The requested test level doesn't need to be the same as the calibrated magnetic field, as RadiMation® will automatically calculate the corresponding current if another testlevel is specified.
When this test is started, the signal generator will be set to every frequency again, the current flowing through the transmitting loop antenna will be regulated to the current that is determined during the calibration, which correlates to the requested magnetic field.

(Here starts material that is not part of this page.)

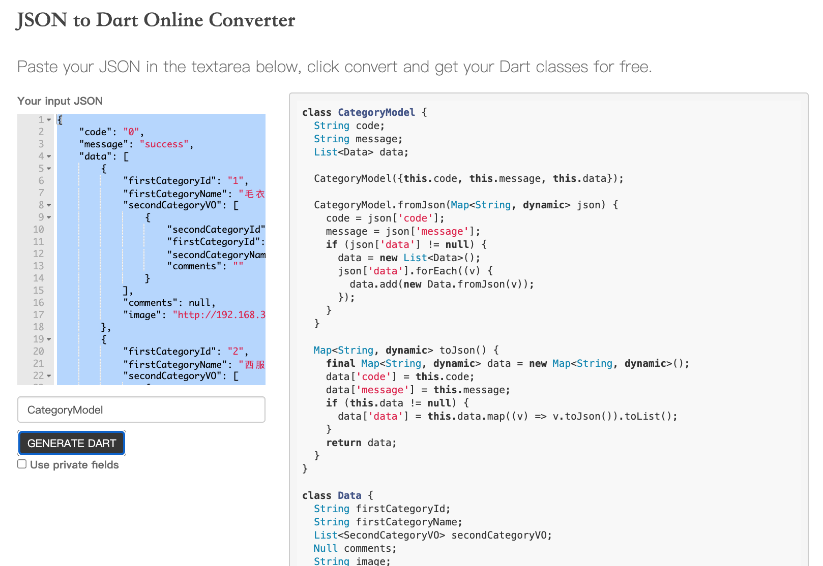 那,在Flutter开发中,有木有类似的自动帮忙生成实体的方式呢?这里没有比较好集成在Android Studio中的插件,在网上搜了个在线的:https://jsontodart.com/,也还行,咱们试一下:

Once the EUT test is finished, the results of this test is stored in the EUT file, and available as one of the performed Tests in the EUT file. Selecting the corresponding test result and pressing on Info will show the test results again.
The magnetic field transmitting loop should be located close to the EUT itself. If the EUT is larger than the illumination area of the transmitting loop, the same test has to be repeated for every 50cm x 50cm area of the EUT, on all sides of the EUT. This can be easily done by repositioning the loop antenna, and starting the same test in RadiMation® again.
Conclusion[edit]
The RadiMation® Radiated Immunity Mil Std calibration can be used to characterize the generated magnetic field by measuring the current through the transmitting loop, and storing it in a calibration file. The Multiband Radiated Immunity test can then use the calibration file to re-apply the required current (and thus the desired magnetic field) again. This test can then be used to test if the EUT is not influenced by the generated magnetic field.